Когда именно Роман вернулся из своих поездок, не знаю. Он мне не звонил. Я тем более не искала с ним встреч. Лишь полгода спустя мне пришло письмо, из которого выяснилось, что они с Костей теперь живут в Канаде и собираются там осесть. Он звал меня приезжать, уверял, что его дом всегда для меня открыт и я могу стать в нем полноправной хозяйкой. Но в его приглашении ощущались холодность и принужденность. Словно Роману было неловко не выполнить данное обещание. Видимо, у него тоже в душе перегорело. Я предпочла вообще ему ничего не отвечать. Он прислал еще поздравление на Новый год. Я опять не отозвалась, и больше писем не приходило.

– Не была бы тогда дурой, жила бы сейчас в Канаде, – продолжала бередить мои старые раны Гета. – И Ольга бы твоя не за Ярика сейчас выходила замуж, а за какого-нибудь канадского Джона. Хотя они там вроде позже женятся. Я бы в гости к тебе ездила. Но, с другой стороны, чего в этой Канаде хорошего? Хрен его знает, как он там устроился. Слушай, – вдруг словно бы осенило ее, – я только сейчас сообразила: может, Роман тогда тебя сразу с дальним прицелом обхаживал?

– Это как? – оторопела я.

– Понимаешь, в Канаду в один день не съедешь. Значит, Роман наверняка заранее готовил плацдарм. А зачем, спрашивается? Наверняка у него здесь какие-то проблемы возникли, и пришлось сваливать. Но ведь вы уже встречались, а он ничего тебе не говорил.

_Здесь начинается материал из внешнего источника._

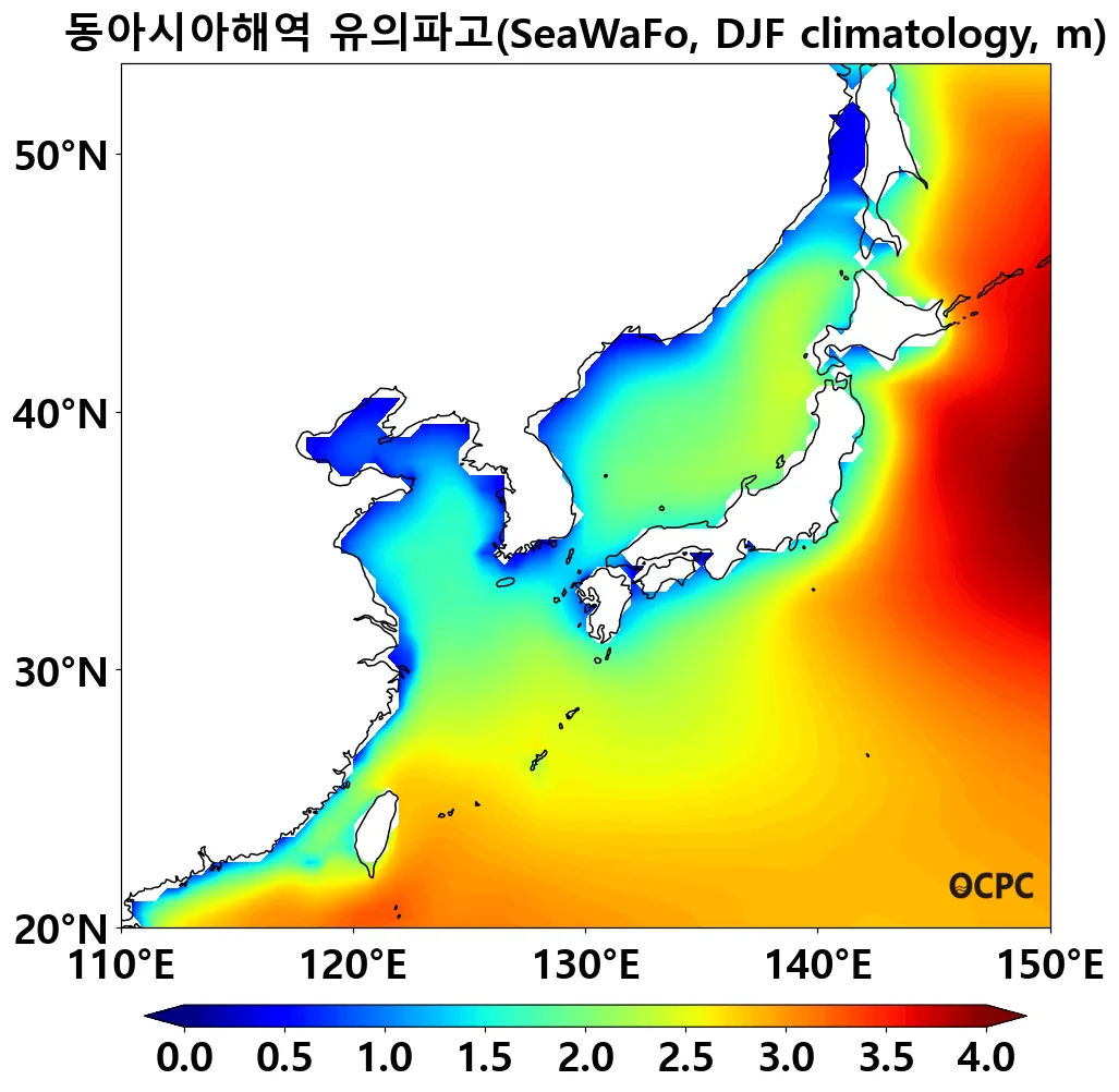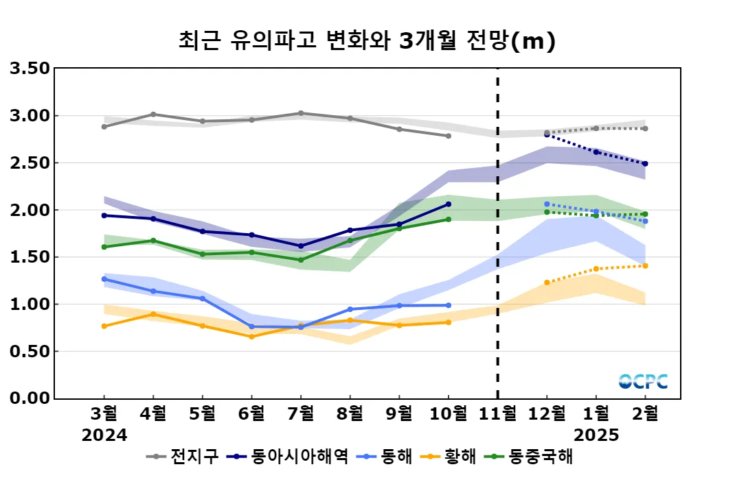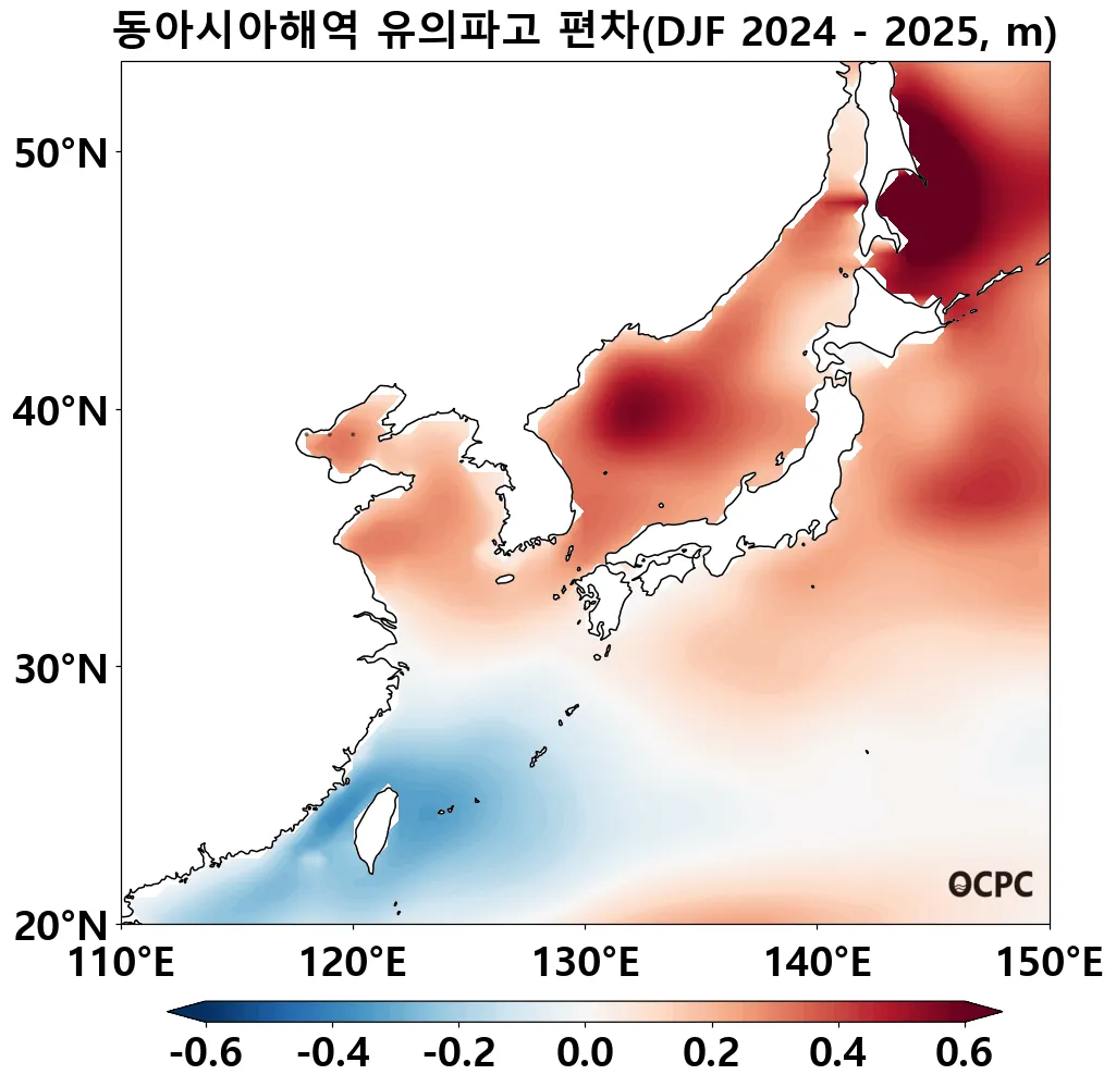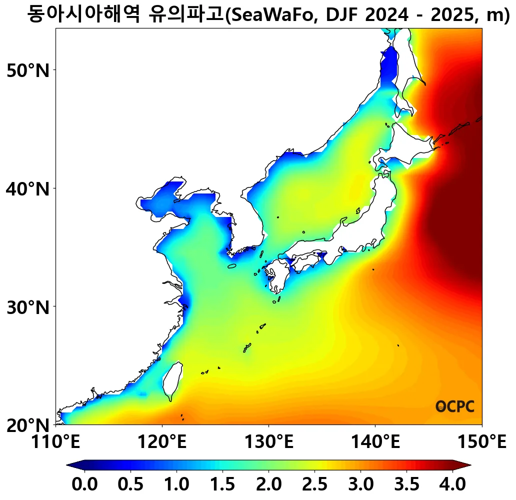 동아시아해역의 2024년 12월~2025년 2월 평균 유의파고는 평년(2.52±0.09m)보다 증가할 것으로 전망됩니다.

Не говорил, – с многозначительным видом повторила подруга, – а жениться хотел. А в последний момент поставил бы перед фактом. Куда тебе деться? Иными словами, специально подыскивал себе жену без претензий, которая не взбрыкнет, когда обнаружится, что уровень жизни у вас там хуже, чем здесь. Тут за несколько месяцев ты ни к чему бы по-настоящему не успела привыкнуть, а по сравнению с дозамужней твоей жизнью тебе бы и в Канаде все раем показалось.

– Фантазии у тебя, Гетка!

– Ничего не фантазии, – стояла она на своем. – Он тебе какие-нибудь фотографии в письме прислал?

Я покачала головой.

– А не прислал, потому что нечем похвастаться, – развивала свою догадку Гета.

– Да он вообще больше меня не приглашал.

– По этой же самой причине. Небось совсем обеднел.

– Напридумала глупостей! – вздохнула я. – И что у тебя, Гетка, все в деньги и недвижимость упирается! Вон даже мое будущее личное счастье квартирой измеряешь. Наверное, самое главное все же любовь.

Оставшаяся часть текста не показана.